Task goal:
Pictures aside, write out the data exactly as it reads.

####################

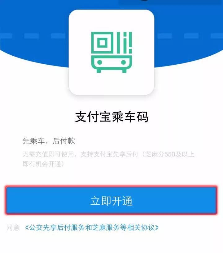 激活乘車碼功能:支付寶主界面選擇“更多”,進入后選擇“城市服務”,進入后選擇“交通”,進入后選擇“乘車碼”,然后激活功能即可。注意,首次激活過程略微繁瑣,激活后無需再次激活。
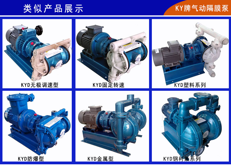 DBY電動隔膜泵是上海楷陽泵業早期開發的隔膜泵產品,本產品已于2016年1月升級為KYD電動隔膜泵。KY代表上海楷陽泵業制造有限公司的隔膜泵品牌,D代表楷陽電動隔膜泵產品。KYD電動隔膜泵不僅比老型dby電動隔膜泵流量大,更重要的是內部結構和馬達配置都有升級換代;也有客戶叫做新一代dby電動隔膜泵。新一代dby電動隔膜泵流量大,并且可以定做流量;使用壽命長、噪音底、震動小、耐腐蝕、高配置等六大優點,是目前國內最新穎的一種泵類。上海楷陽新一代dby電動隔膜泵材質齊全,膜片、球、球座采用耐腐蝕強彈性好的特氟龍材質,對于各種腐蝕性液體,帶顆粒的液體,高粘度、易揮發、易燃、劇毒的液體,均能予以抽 光吸盡。
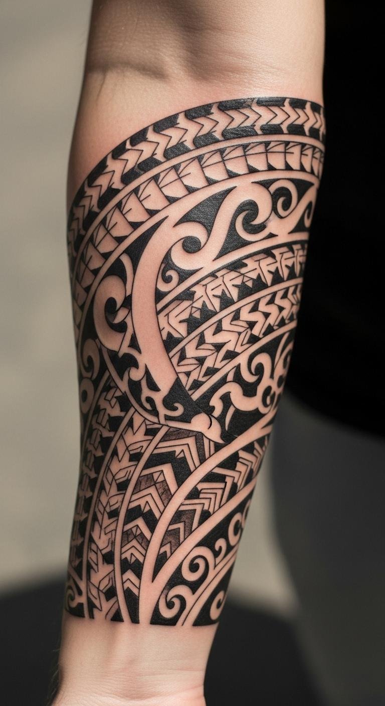 This tattoo design on the forearm embodies the essence of Polynesian culture, where each wave and twist symbolizes the connection to family and ancestral ties.
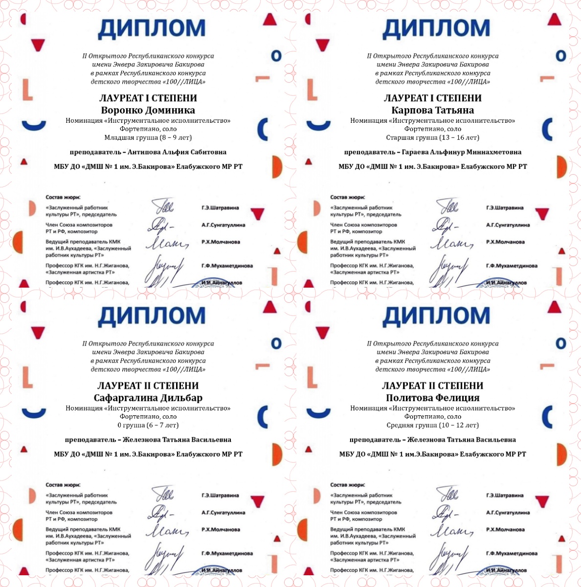Опубликовано: 30.10.202328 октября в Казани прошёл Республиканский конкурс имени Энвера Бакирова в рамках Республиканского проекта «100 лица». Достойно представили Елабугу воспитанницы ДМШ 1 им. Э. Бакирова Татьяна Карпова, Доминика Воронко, Дильбар Сафаргалина, Фелиция Политова. Елабужанки стали Лауреатами 1 и 2 степеней, завоевав высокие баллы жюри, председателем которого была дочь Энвера Бакирова - Гульнара Шатравина. Победа в этой конкурсе стала особенно почетной, так как школа носит имя Энвера Бакирова, - первого директора ДМШ 1
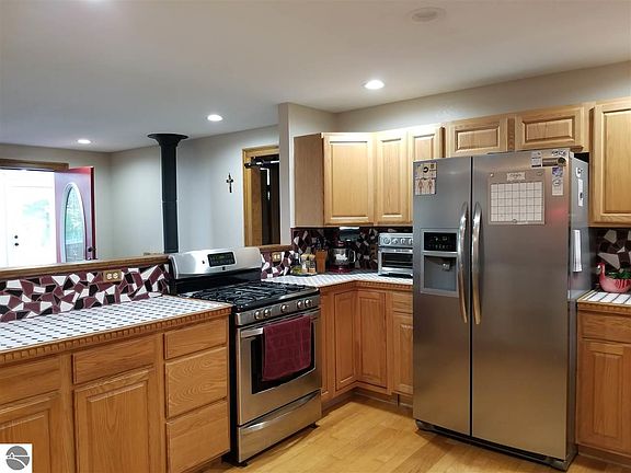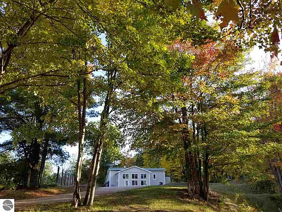 Unique opportunity to own a beautiful home adjacent to 20,000 plus acres of state land with mountain bike, horse and atv/snowmobile trails right out your back door. 5 minutes to Kalkaska Public High School, Downtown Kalkaska and more. This 2 bed 2 bath has been tastefully updated with hardwood trim - 6" baseboard, recessed led lighting and a stunning 23'x12' four season room with 12' ceilings. Would make a fantastic starter home or even a seasonal getaway for the outdoor enthusiast.
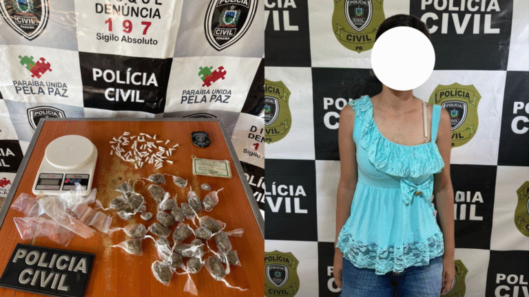 A Polícia Civil da Paraíba prendeu em flagrante, na tarde desta segunda-feira (22), uma mulher de 22 anos suspeita de tráfico de drogas no município
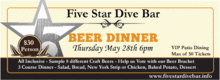 Join us for 8 Different craft beers, a 3 course steak or chicken Dinner and our Beer bracket to choose the crowd favorite. $30 per person.
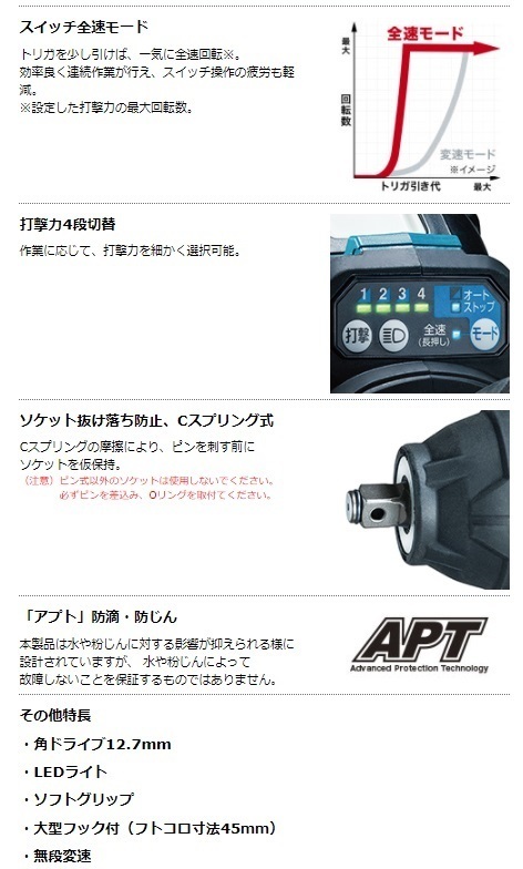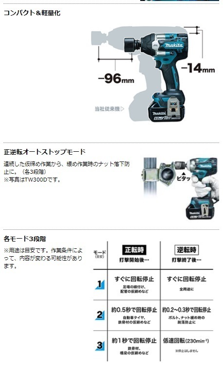 ・正逆転オートストップモード/スイッチ全速モード/打撃力4段切替
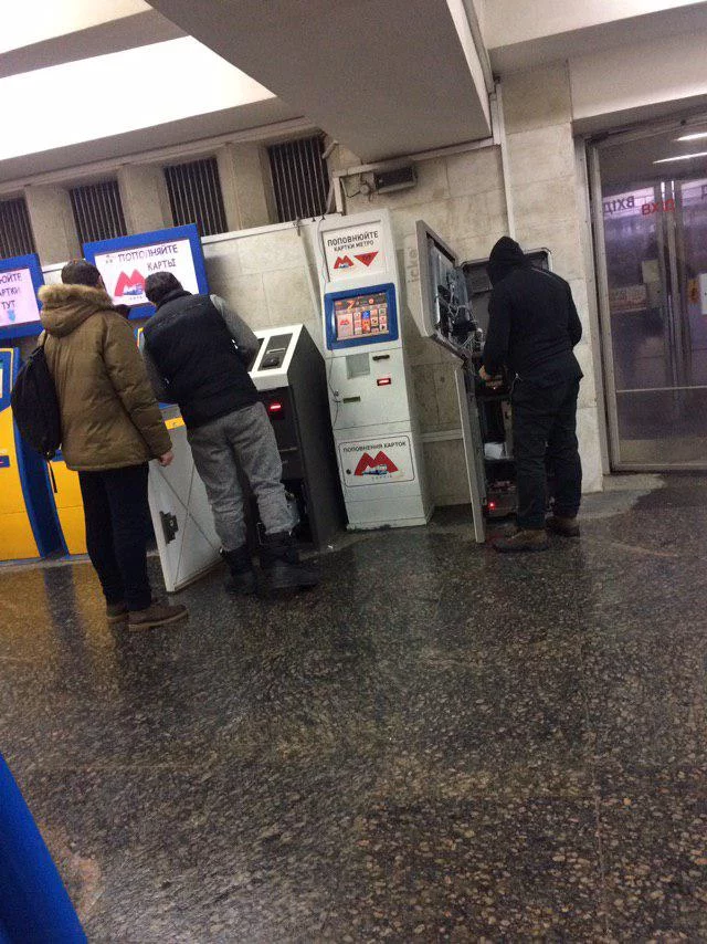 Настройщики терминала на станции метро Холодная Гора
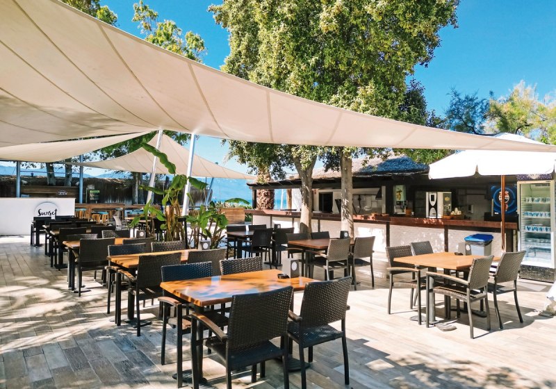 Mehrere Bars, Lobbybar und Pool-/Snackbar halten Euch über den Tag versorgt. Am Strand wartet der Blue Beach Club Cafe & Bar mit kurzen Wegen vom Liegestuhl an den Tresen. Kiosk und kleine Shops ergänzen das Angebot. Highlight: Terrasse am Hauptrestaurant verbindet Buffetvielfalt mit frischer Brise.
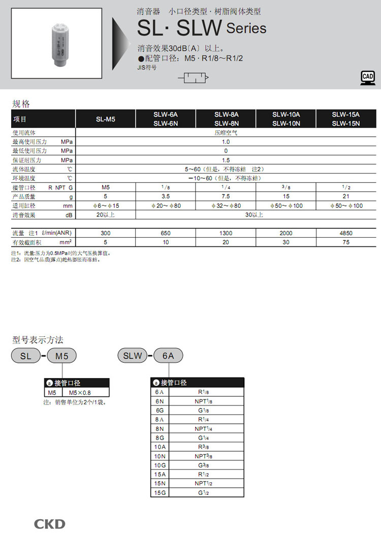 詳細(xì)信息 SL-M5,SLW-6A,SLW-6N,SLW-6G,SLW-8A,SLW-8N,SLW-8G,SLW-10A,SLW-10N,SLW-10G,SLW-15A,SLW-15N,SLW-15G,CKD消音器
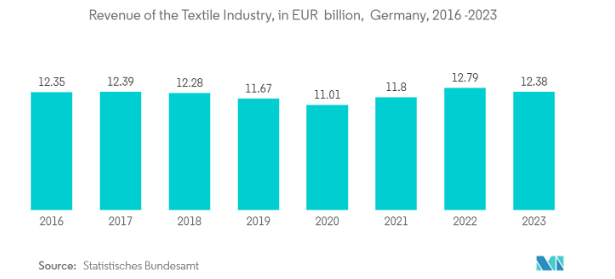 - 同様に、連邦統計局(ドイツの連邦当局)によると、繊維産業の収益は2022年に129.7億ユーロ(139.6億米ドル)、2023年には123.8億ユーロ(133.0億米ドル)に達します。
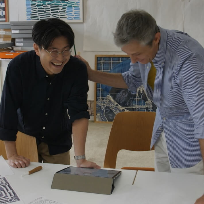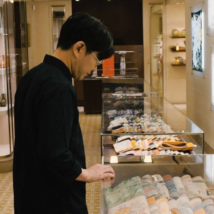 エルメスでは主にカレのデザインのための原画を描いています。エルメスとは、2009年にネクタイのコンペに応募し、特別賞を受賞したのがきっかけで、仕事をさせてもらうようになりました。メンズシルクのディレクターであるクリストフ・ゴワノーが、コンペでの受賞作品をもとに「一緒にスカーフをつくってみないか?」と誘ってくれたんです。その頃の僕はテキスタイルデザイナーとして活動している頃でしたね。しばらくはメンズのスカーフを描いていましたが、2022年頃からはウィメンズも手掛けるようになりました。
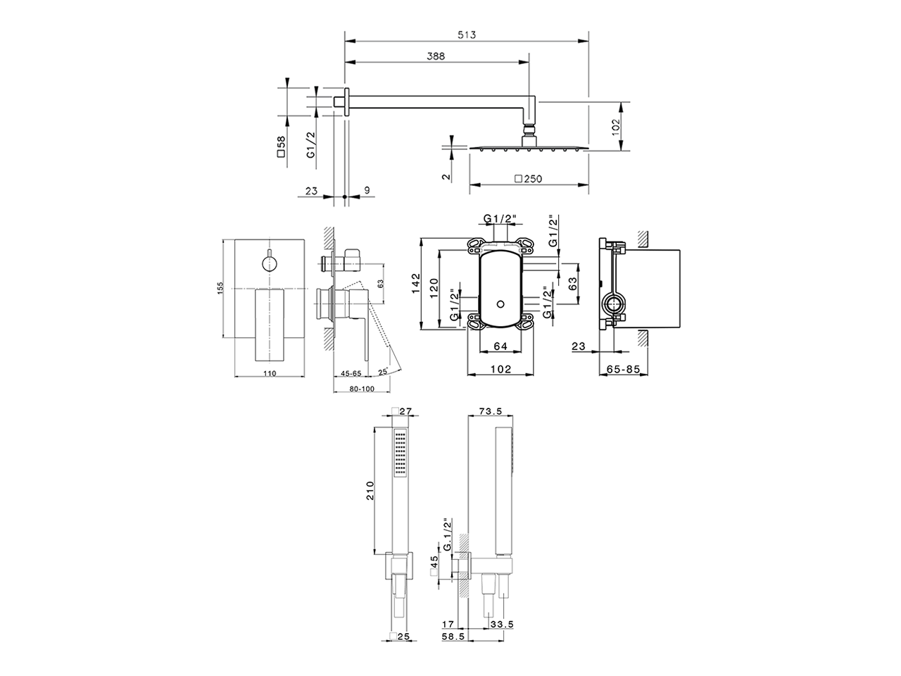 incasso,deviatore rotativo 2 uscite,supporto doccetta murale con presa d'acqua,braccio doccia L.400 mm,soffione quadro 250x250 mm sp.2 mm in INOX,doccetta monogetto minimalista quadra 27x27 mm ABS,presa d'acqua 1/2",flessibile liscio SILVERFLEX 150 cm

####################

Response to the task:
 激活乘車碼功能:支付寶主界面選擇“更多”,進入后選擇“城市服務”,進入后選擇“交通”,進入后選擇“乘車碼”,然后激活功能即可。注意,首次激活過程略微繁瑣,激活后無需再次激活。
 DBY電動隔膜泵是上海楷陽泵業早期開發的隔膜泵產品,本產品已于2016年1月升級為KYD電動隔膜泵。KY代表上海楷陽泵業制造有限公司的隔膜泵品牌,D代表楷陽電動隔膜泵產品。KYD電動隔膜泵不僅比老型dby電動隔膜泵流量大,更重要的是內部結構和馬達配置都有升級換代;也有客戶叫做新一代dby電動隔膜泵。新一代dby電動隔膜泵流量大,并且可以定做流量;使用壽命長、噪音底、震動小、耐腐蝕、高配置等六大優點,是目前國內最新穎的一種泵類。上海楷陽新一代dby電動隔膜泵材質齊全,膜片、球、球座采用耐腐蝕強彈性好的特氟龍材質,對于各種腐蝕性液體,帶顆粒的液體,高粘度、易揮發、易燃、劇毒的液體,均能予以抽 光吸盡。
 This tattoo design on the forearm embodies the essence of Polynesian culture, where each wave and twist symbolizes the connection to family and ancestral ties.
Опубликовано: 30.10.202328 октября в Казани прошёл Республиканский конкурс имени Энвера Бакирова в рамках Республиканского проекта «100 лица». Достойно представили Елабугу воспитанницы ДМШ 1 им. Э. Бакирова Татьяна Карпова, Доминика Воронко, Дильбар Сафаргалина, Фелиция Политова. Елабужанки стали Лауреатами 1 и 2 степеней, завоевав высокие баллы жюри, председателем которого была дочь Энвера Бакирова - Гульнара Шатравина. Победа в этой конкурсе стала особенно почетной, так как школа носит имя Энвера Бакирова, - первого директора ДМШ 1
 Unique opportunity to own a beautiful home adjacent to 20,000 plus acres of state land with mountain bike, horse and atv/snowmobile trails right out your back door. 5 minutes to Kalkaska Public High School, Downtown Kalkaska and more. This 2 bed 2 bath has been tastefully updated with hardwood trim - 6" baseboard, recessed led lighting and a stunning 23'x12' four season room with 12' ceilings. Would make a fantastic starter home or even a seasonal getaway for the outdoor enthusiast.
 A Polícia Civil da Paraíba prendeu em flagrante, na tarde desta segunda-feira (22), uma mulher de 22 anos suspeita de tráfico de drogas no município
 Join us for 8 Different craft beers, a 3 course steak or chicken Dinner and our Beer bracket to choose the crowd favorite. $30 per person.
 ・正逆転オートストップモード/スイッチ全速モード/打撃力4段切替
 Настройщики терминала на станции метро Холодная Гора
 Mehrere Bars, Lobbybar und Pool-/Snackbar halten Euch über den Tag versorgt. Am Strand wartet der Blue Beach Club Cafe & Bar mit kurzen Wegen vom Liegestuhl an den Tresen. Kiosk und kleine Shops ergänzen das Angebot. Highlight: Terrasse am Hauptrestaurant verbindet Buffetvielfalt mit frischer Brise.
 詳細(xì)信息 SL-M5,SLW-6A,SLW-6N,SLW-6G,SLW-8A,SLW-8N,SLW-8G,SLW-10A,SLW-10N,SLW-10G,SLW-15A,SLW-15N,SLW-15G,CKD消音器
 - 同様に、連邦統計局(ドイツの連邦当局)によると、繊維産業の収益は2022年に129.7億ユーロ(139.6億米ドル)、2023年には123.8億ユーロ(133.0億米ドル)に達します。
 エルメスでは主にカレのデザインのための原画を描いています。エルメスとは、2009年にネクタイのコンペに応募し、特別賞を受賞したのがきっかけで、仕事をさせてもらうようになりました。メンズシルクのディレクターであるクリストフ・ゴワノーが、コンペでの受賞作品をもとに「一緒にスカーフをつくってみないか?」と誘ってくれたんです。その頃の僕はテキスタイルデザイナーとして活動している頃でしたね。しばらくはメンズのスカーフを描いていましたが、2022年頃からはウィメンズも手掛けるようになりました。
 incasso,deviatore rotativo 2 uscite,supporto doccetta murale con presa d'acqua,braccio doccia L.400 mm,soffione quadro 250x250 mm sp.2 mm in INOX,doccetta monogetto minimalista quadra 27x27 mm ABS,presa d'acqua 1/2",flessibile liscio SILVERFLEX 150 cm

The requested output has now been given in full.